I want to find the maximum for the phi function. I am optimizing over the vector C.

Phi <- function(C, mu, sigma, xbar, P, alpha){
  X <- xbar+ P%*%C
  return(mu %*% X - alpha * t(X) %*% sigma %*% X)
}

mu, sigma, xbar, P, and alpha are predefined scalars, vectors, and matrices.

The gradient for the phi function is:

Gradient <- function(C, mu, sigma, xbar, P, alpha){
  X <- xbar+P%*%C
  n <- length(C)
  grad <- rep(0,n)
  for(j in 1:n){
    grad[j] <- mu - 2*alpha*t(X) %*% sigma
  }
  return(grad)
}

I tried using the optim function as below:

results <- optim(par = start, fn = Phi, gr = Gradient, method = "CG")

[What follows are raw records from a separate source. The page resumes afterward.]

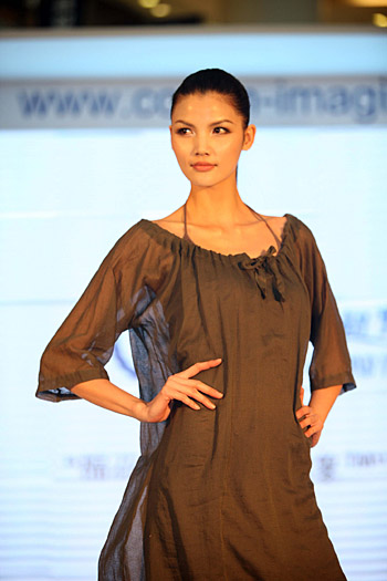 日前,“棉花——超乎你的想象”2008設(shè)計(jì)師大賽之“愛(ài)棉花,愛(ài)棉尚”設(shè)計(jì)頒獎(jiǎng)典禮在北京舉行。圖為模特莫萬(wàn)丹在展示獲獎(jiǎng)服裝。
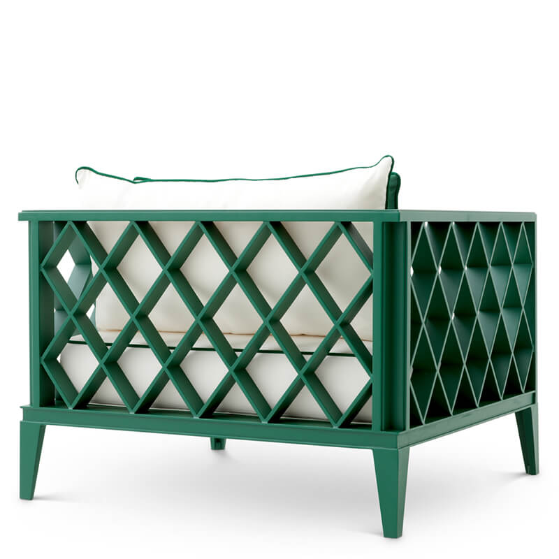This Premium Eichholtz two-seater sofa features soft beige upholstery and a striking green frame. Its refined design and plush Florent green stripy cushions offer the ultimate outdoor living experience, inviting you and your guests to relax in stylish comfort. The cushion covers are finished with contrast piping. This sofa is perfect for those who seek timeless beauty in their outdoor oasis. This series is available as a two-seater, three-seater, chair and planter—all in three colour combinations.
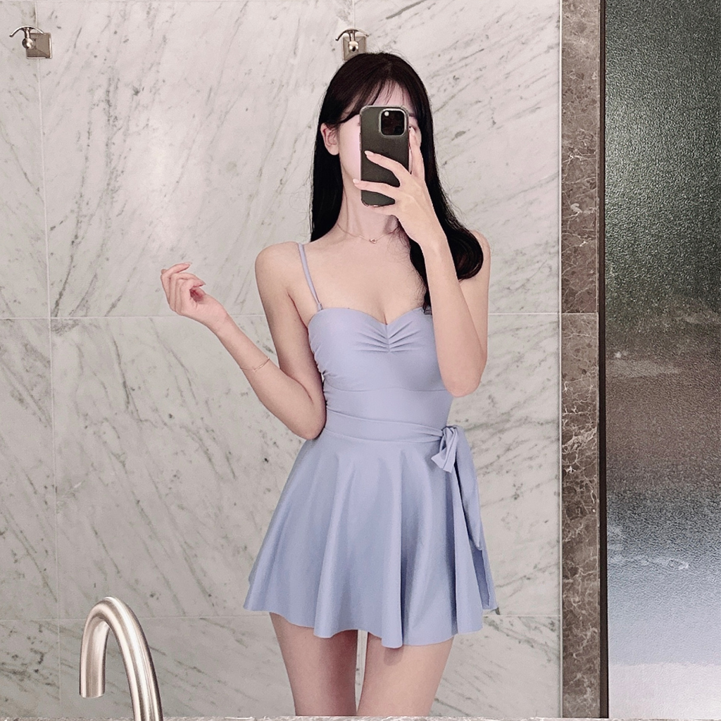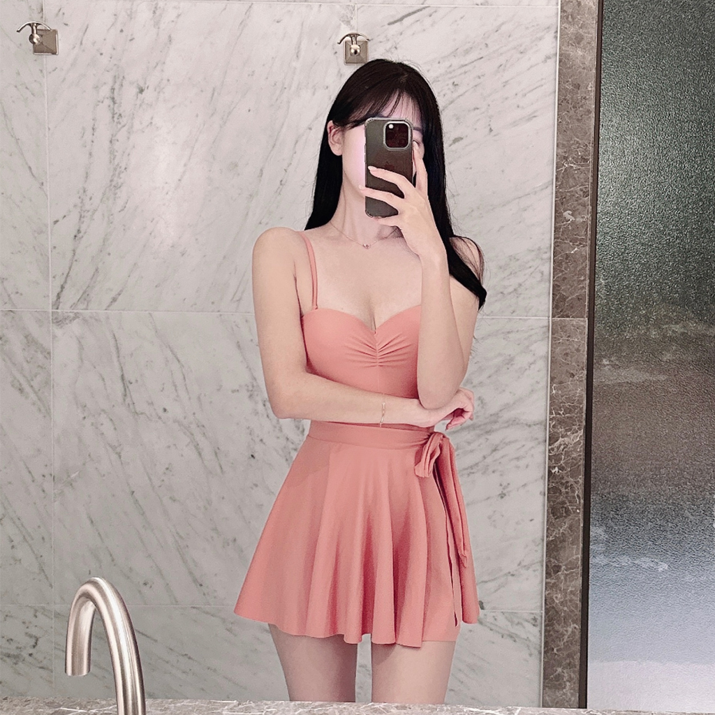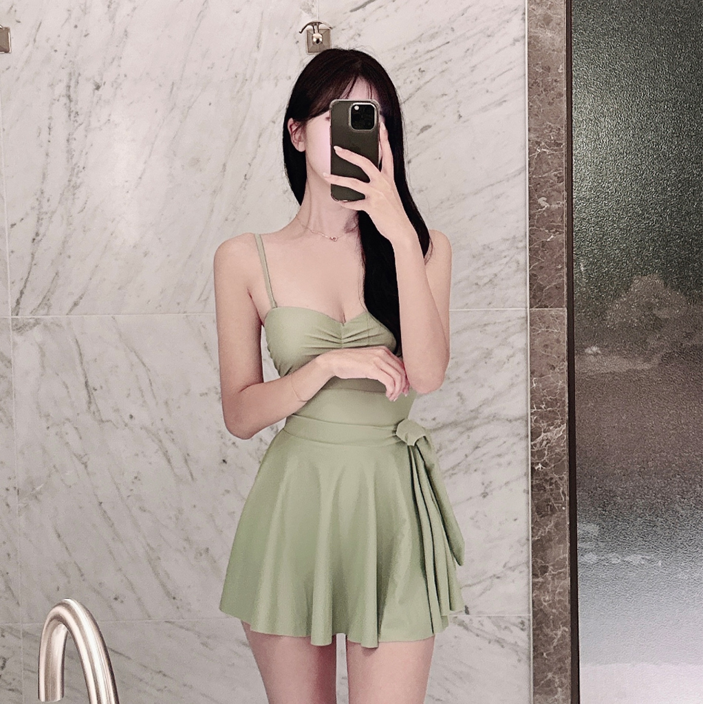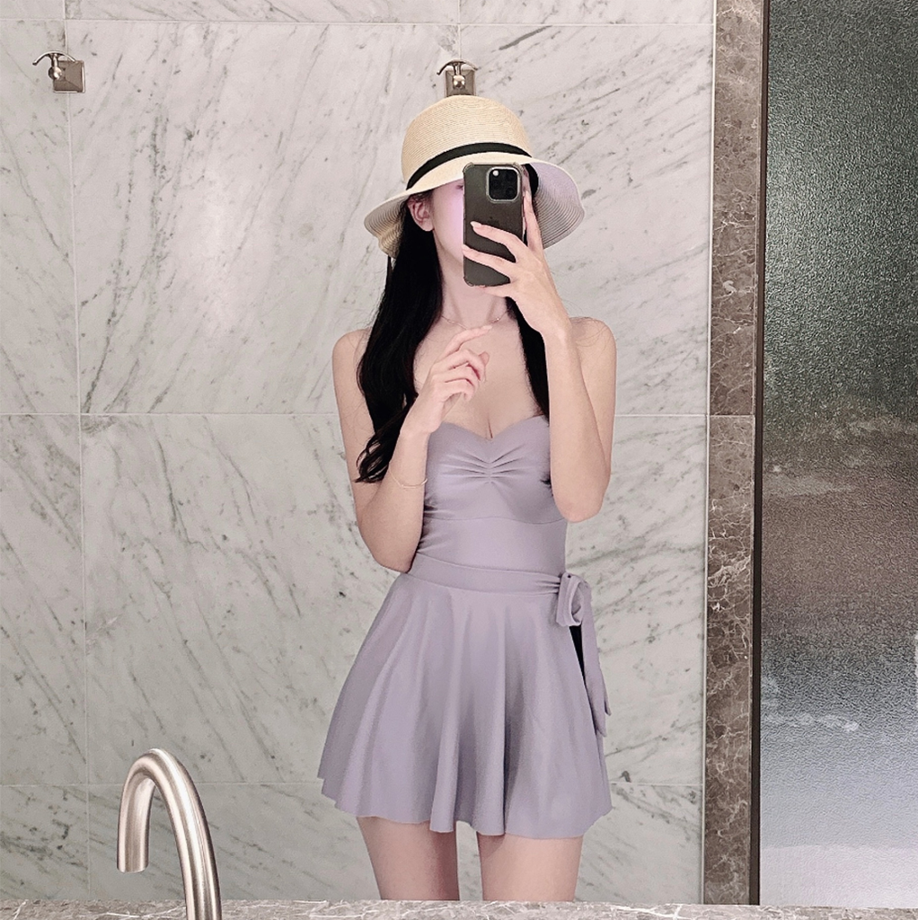 [SET] シャーリング水着モノキニ+シンプルスカートセット
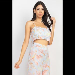 Tropical Ruffled Cut-Out Top & Pants Set
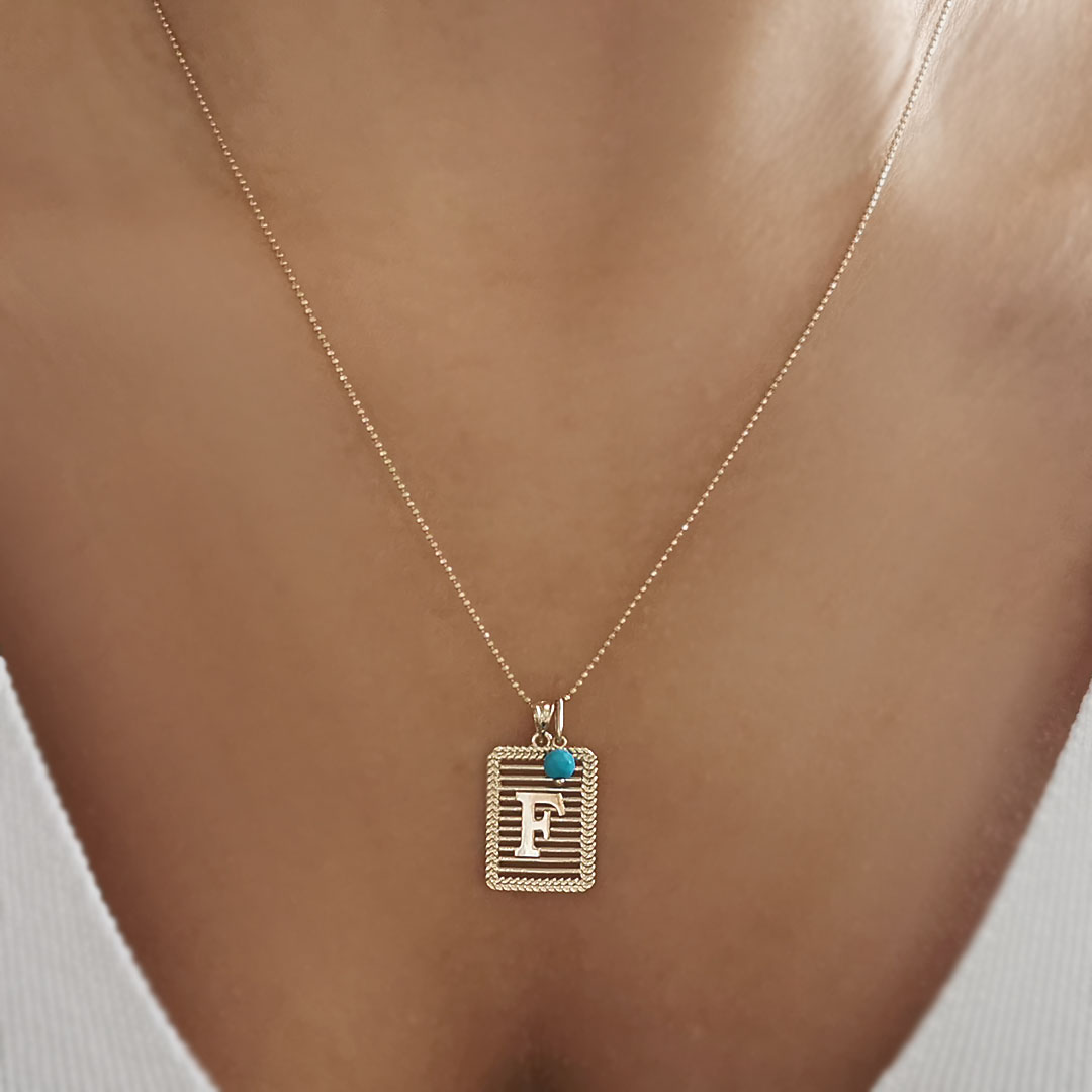 Sevdiklerinizin yada kendi isminizin baş harfini boynunuzda severek taşıyacağınız tasarım harf kolyemiz mini mavi boncuk detayı ile oldukça havalı bir duruşa sahip.
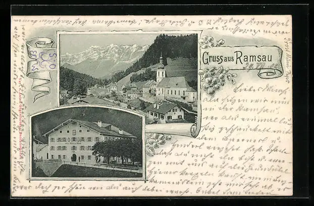 AK Ramsau, Ortsansicht mit Kirche, Gasthaus zu Ramsau
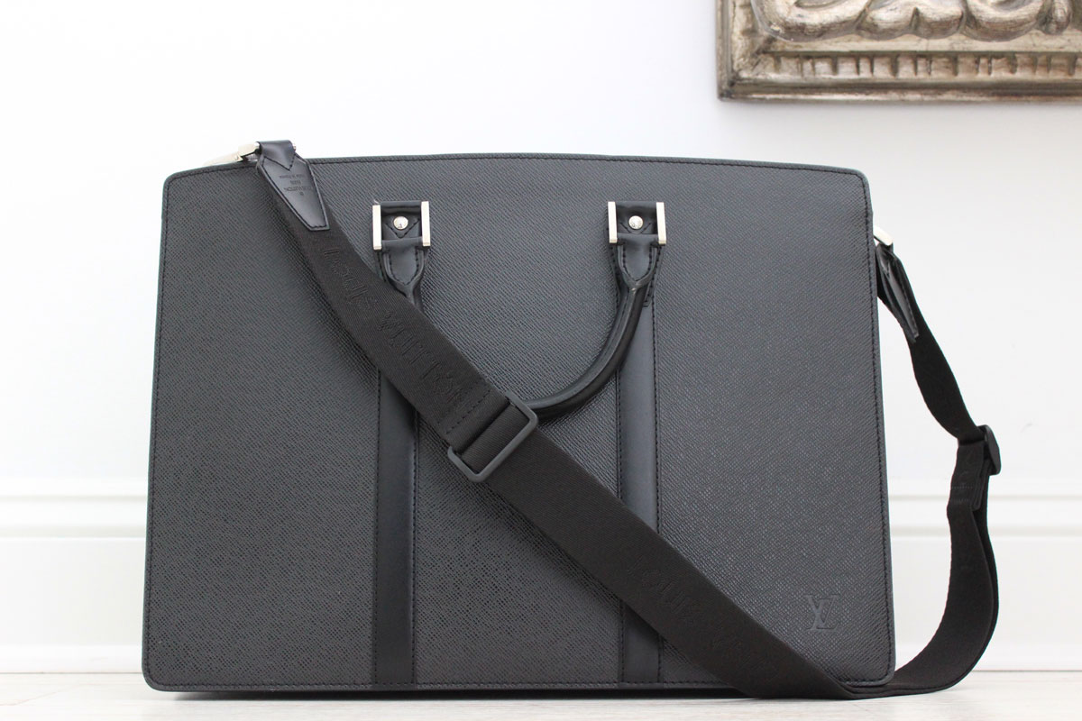 Louis Vuitton Black Taiga Leather Lozan Briefcase. Features sturdy taiga leather, matte silver hardware, LV embossed at bottom corner, rolled leather top handles, a zip-top closure, three spacious compartments, a long slip-in pocket and leather lining with d-ring. Included is a detachable, adjustable Louis Vuitton embossed wide utility strap that was purchased separately for over $300. Measures 16.25″ x 12″ x 3″. Date Code/Authenticity: VI0040. Made in France. This Lozan briefcase is in excellent condition. The outside looks fantastic with only slight marks at the back bottom edge. The corners are perfect. The interior leather lining has some light scratches but is still in excellent, CLEAN condition. There is one area at the top near the inner corner that shows a scuff mark (see picture #9). Comes with dust cover.
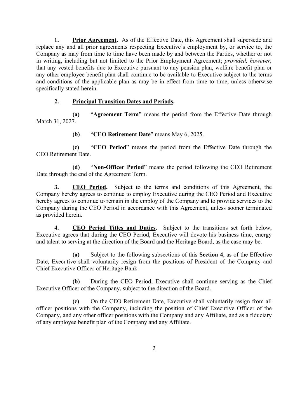 2 1. Prior Agreement. As of the Effective Date, this Agreement shall supersede and replace any and all prior agreements respecting Executive’s employment by, or service to, the Company as may from time to time have been made by and between the Parties, whether or not in writing, including but not limited to the Prior Employment Agreement; provided, however, that any vested benefits due to Executive pursuant to any pension plan, welfare benefit plan or any other employee benefit plan shall continue to be available to Executive subject to the terms and conditions of the applicable plan as may be in effect from time to time, unless otherwise specifically stated herein. 2. Principal Transition Dates and Periods. (a) “Agreement Term” means the period from the Effective Date through March 31, 2027. (b) “CEO Retirement Date” means May 6, 2025. (c) “CEO Period” means the period from the Effective Date through the CEO Retirement Date. (d) “Non-Officer Period” means the period following the CEO Retirement Date through the end of the Agreement Term. 3. CEO Period. Subject to the terms and conditions of this Agreement, the Company hereby agrees to continue to employ Executive during the CEO Period and Executive hereby agrees to continue to remain in the employ of the Company and to provide services to the Company during the CEO Period in accordance with this Agreement, unless sooner terminated as provided herein. 4. CEO Period Titles and Duties. Subject to the transitions set forth below, Executive agrees that during the CEO Period, Executive will devote his business time, energy and talent to serving at the direction of the Board and the Heritage Board, as the case may be. (a) Subject to the following subsections of this Section 4, as of the Effective Date, Executive shall voluntarily resign from the positions of President of the Company and Chief Executive Officer of Heritage Bank. (b) During the CEO Period, Executive shall continue serving as the Chief Executive Officer of the Company, subject to the direction of the Board. (c) On the CEO Retirement Date, Executive shall voluntarily resign from all officer positions with the Company, including the position of Chief Executive Officer of the Company, and any other officer positions with the Company and any Affiliate, and as a fiduciary of any employee benefit plan of the Company and any Affiliate.
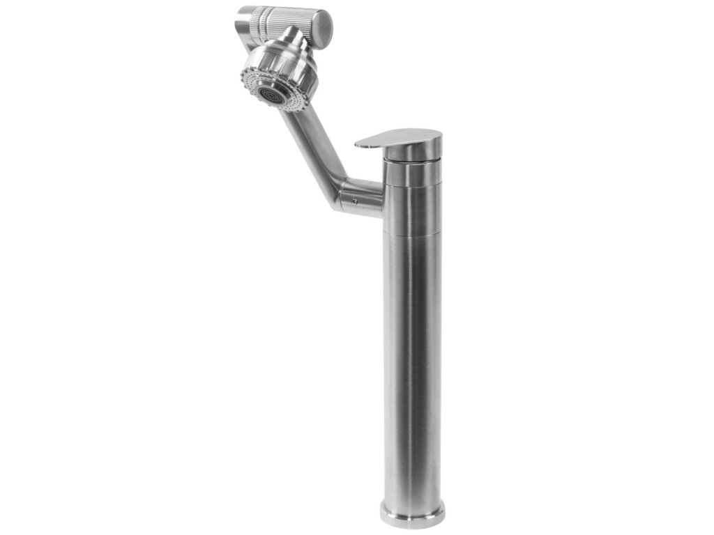 Představujeme vám krásnou, extrémně funkční a moderní baterii. Jedná se o výrobek, který dokonale vyplní prostor vaší koupelny při zachování dokonalého vzhledu a estetiky interiéru. Baterie je určena k montáži na desku vedle umyvadla. Je vyrobena z mosazi potažené elegantním kartáčovaným povrchem. Díky speciální výrobní fázi je odolný a snadno se udržuje v čistotě. NávodDoplňkové parametry
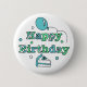 Cute hand drawn blue and green Happy Birthday button with balloon and birthday cake.
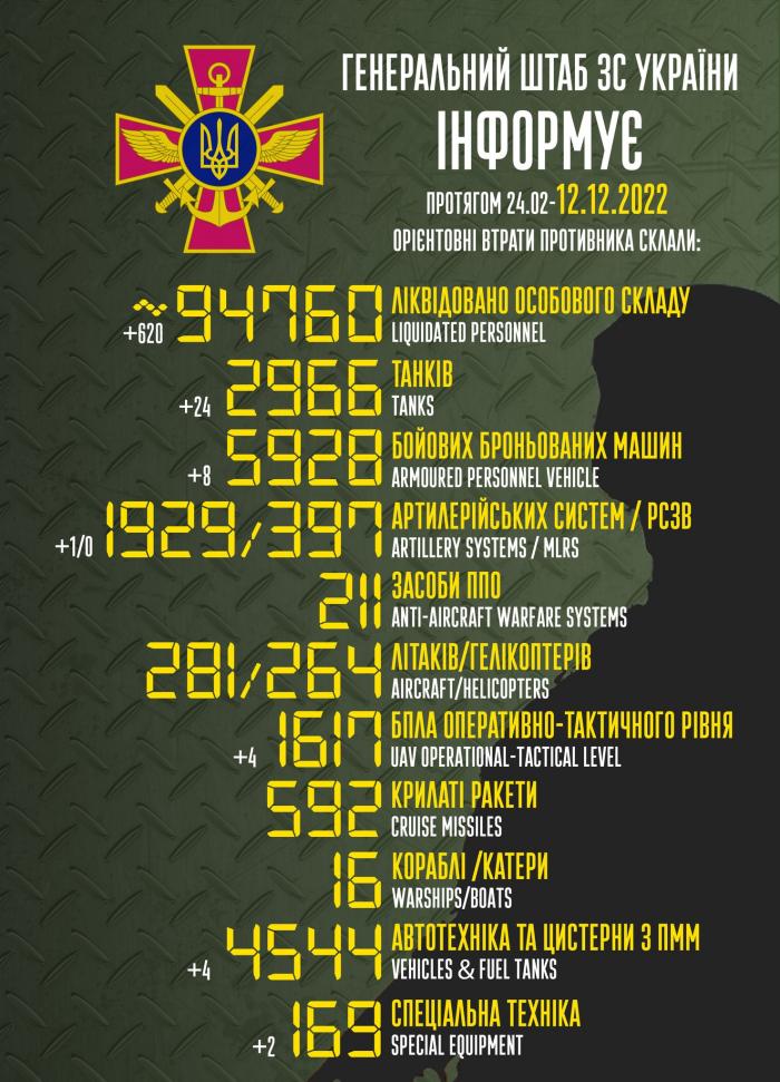 Російські загарбники втратили вже понад 94 тис. осіб, фото: Генштаб ЗСУ
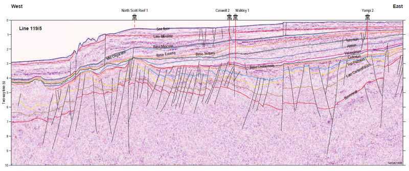 GA seismic line 119/5 across the Caswell Sub-basin (tying North Scott Reef 1, Caswell 2 and Yampi 2) shows the stratal relationships and megasequence packaging of the basin fill. Seismic horizons are colour-coded to sequence boundaries shown on the Tectonostratigraphic Chart.
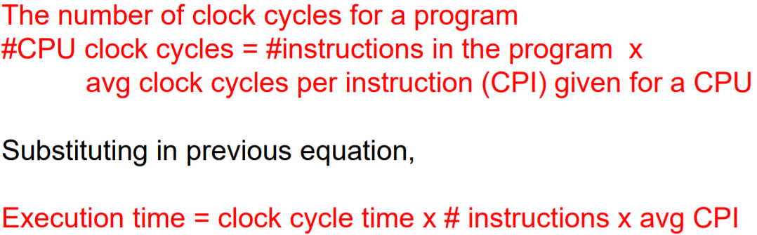 Number of instrs : 컴파일러가 좋으면 같은 프로그램도 명령어가 적어짐 or 컴퓨터가 효율적이면 됨

"start" is a predefined vector with the same dimensions for C.

However, when I try running the optim function, I get the following error:

> results <- optim(par = start, fn = Phi, gr = Gradient, method = "CG")
Error in xbar + P %*% C : 'xbar' is missing

What am I doing wrong? I would appreciate any guidance! Thanks in advance.

Edit: I defined my start vector as such-

Start <- function(n){
  vector <- rep(1/n, n)
  return(vector)
}

start <- Start(length(mu)-1)
Était-ce utile?

La solution

As correctly stated by @Maciej, you have additional parameters mu, sigma, xbar, P, alpha, which are declared, but not supplied to an optim() call.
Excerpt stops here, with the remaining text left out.